I smell a bubble in online photo storage. Every pic I take gets uploaded to G+, Facebook, Dropbox, and apparently now Amazon.
Aside from the pure storage bubble, I know Amazon is pretty good at shipping, so being able to frame and airmail photographs of the kids to Grandma with free 2-day prime shipping sounds appealing compared to the 50 other competitors in the market with less legendary logistics stills. Take a pix of the kids on the 22nd of december and amazon could probably guarantee grandma would have framed copies delivered before christmas. I could see it.
> I smell a bubble in online photo storage. Every pic I take gets uploaded to G+, Facebook, Dropbox, and apparently now Amazon.

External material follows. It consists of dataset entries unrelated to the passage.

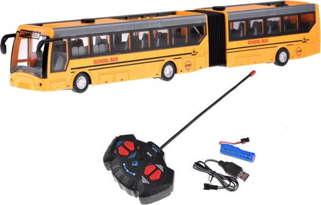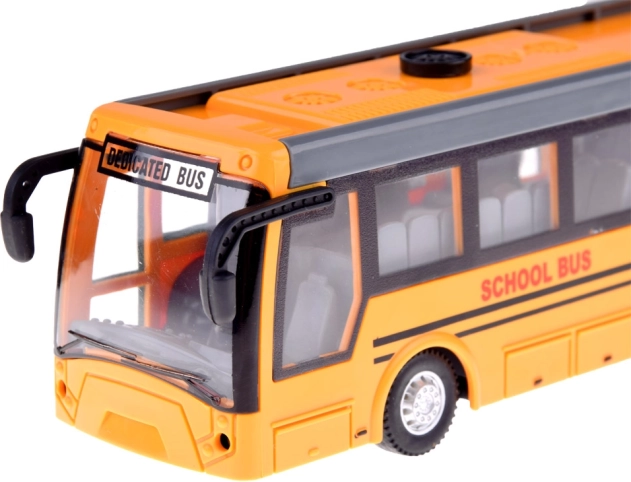 Zábavný školský autobus na diaľkové ovládanie je pohyblivý model s dĺžkou 36,5 cm, ktorý ponúka veľa zábavy pre každého fanúšika veľkých vozidiel. Vyrobený z plastu, tento realisticky stylizovaný autobus žiari LED osvetlením počas jazdy.
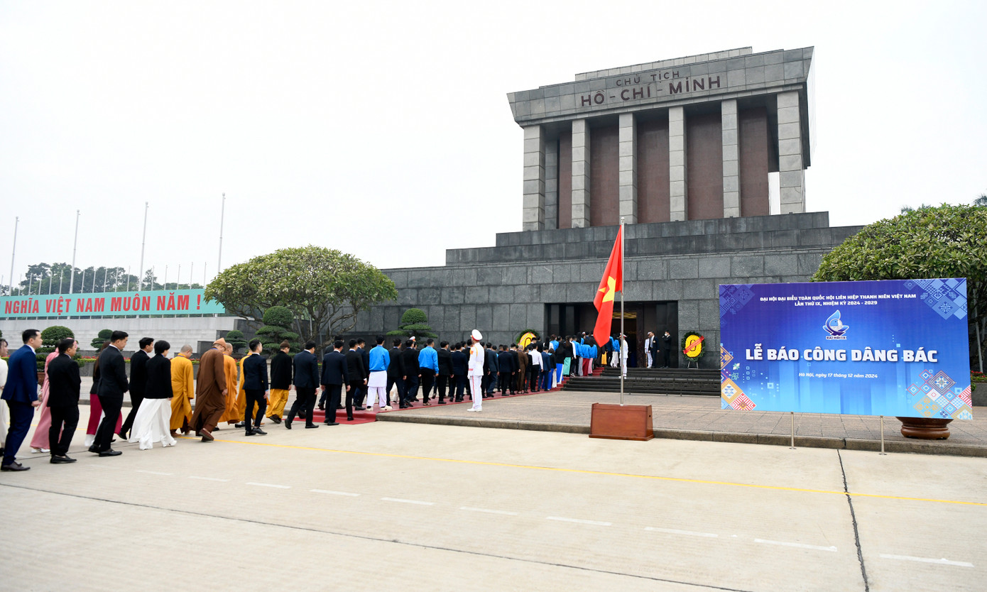 Sáng 17/12, Đại hội Hội LHTN Việt Nam toàn quốc lần thứ IX, nhiệm kỳ 2024 – 2029 trước khi khai mạc, đã làm lễ báo công và vào Lăng viếng Chủ tịch Hồ Chí Minh, đặt vòng hoa và dâng hương tưởng niệm các Anh hùng, Liệt sĩ tại Đài tưởng niệm đường Bắc Sơn.
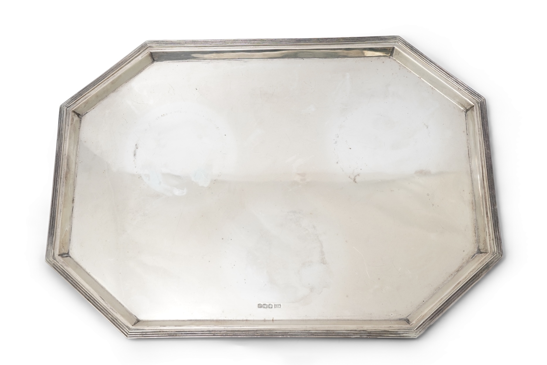 A George V silver octagonal tea tray, by Walker & Hall, with reeded border, Sheffield, 1926, length 46.3cm, 59.7oz.
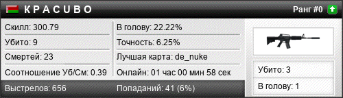 | 03.07.2023 @ 12:33 - 12:59 | de_nuke | 00:26:24 | 6 | 16 | 1 | 16.67% | 6.15% | 268.68 |
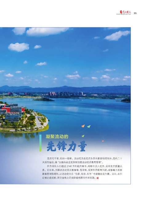 35 www.scdjw.com.cn 凝聚流动的 先锋力量 党员行千里,组织一线牵。流动党员是党员队伍的重要组成部分,党的二十 大报告指出,要“加强和改进党员特别是流动党员教育管理”。 作为常住人口超过 2140 万的超大城市,成都市流入党员、流出党员数量众 多。近年来,为解决流动党员教育难、管理难、发挥作用难等问题,成都着力探索 教育管理新路径,让流动党员在“有家、有学、有为”中凝聚奋进力量。近日,本刊 记者走进成都,探寻各地立足实际破难题的生动实践。
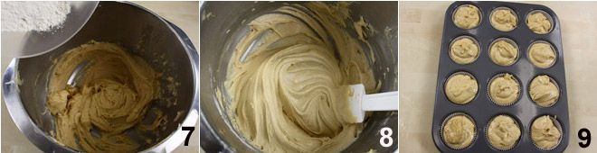 Zum Schluss fügen Sie der Masse nach und nach abwechselnd die Milch und das gesiebte Mehl zusammen mit dem Backpulver hinzu, indem Sie mit einem Spatel rühren 7. Wenn der Teig homogen ist 8, geben Sie ihn in die Papierförmchen, stellen Sie diese in ein Muffinblech 9 und backen Sie im vorgeheizten Umluftofen bei 180 Grad für 20 Minuten. Sobald die Muffins fertig sind, nehmen Sie sie aus dem Ofen und lassen Sie sie abkühlen.
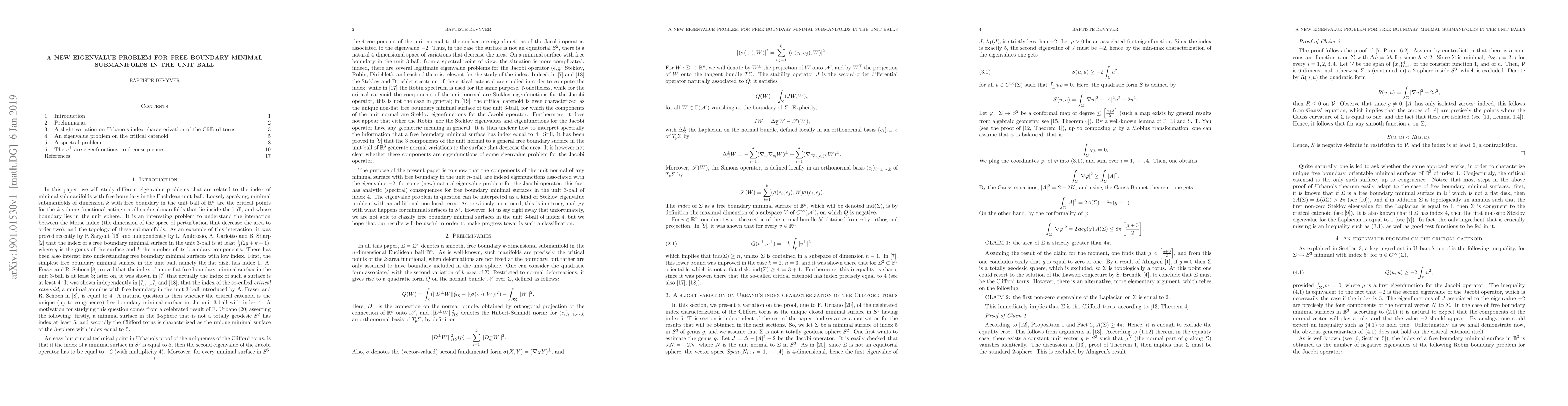 The purpose of the present paper is to show that the components of the unit normal of any minimal surface with free boundary in the unit ball, are eigenfunctions associated with the eigenvalue $-2$, for some (new) natural eigenvalue problem for the Jacobi operator; this fact has analytic (spectral) consequences for free boundary minimal surfaces in the unit $3$-ball of index $4$, and might prove useful in order to characterize these. This is also in strong analogy with the case of minimal surfaces in $S^3$.

I know what you mean. Lately I've gotten the impression that companies aren't offering photo storage as a feature to entice more people to use their services, but that they want our photos for some reason. Maybe advances in image recognition let them use the photos to mine marketable data?
I think it's simpler than this; they want to fully utilize their compute resources so they can squeeze suppliers for better prices. If Amazon can get a one cent discount on hard drives by buying more, then Amazon.com is cheaper to run.
I wonder how much effort it would be to subject the images to some simple and reversible transform to foil that sort of thing. (e.g., extract every odd-numbered pixel to its own layer, rotate it by 180 degrees, and merge.)
To add one additional bit of supporting evidence, Snapfish (owned by HP) is currently offering a promotion for users of their mobile app (iOS & Android): 100 free prints per month for a year. Yes, 1200 free prints, all from your phone or tablet, as long as you store them at Snapfish.
Aside from the pure storage bubble, I know Amazon is pretty good at shipping, so being able to frame and airmail photographs of the kids to Grandma with free 2-day prime shipping sounds appealing compared to the 50 other competitors in the market with less legendary logistics stills. Take a pix of the kids on the 22nd of december and amazon could probably guarantee grandma would have framed copies delivered before christmas. I could see it.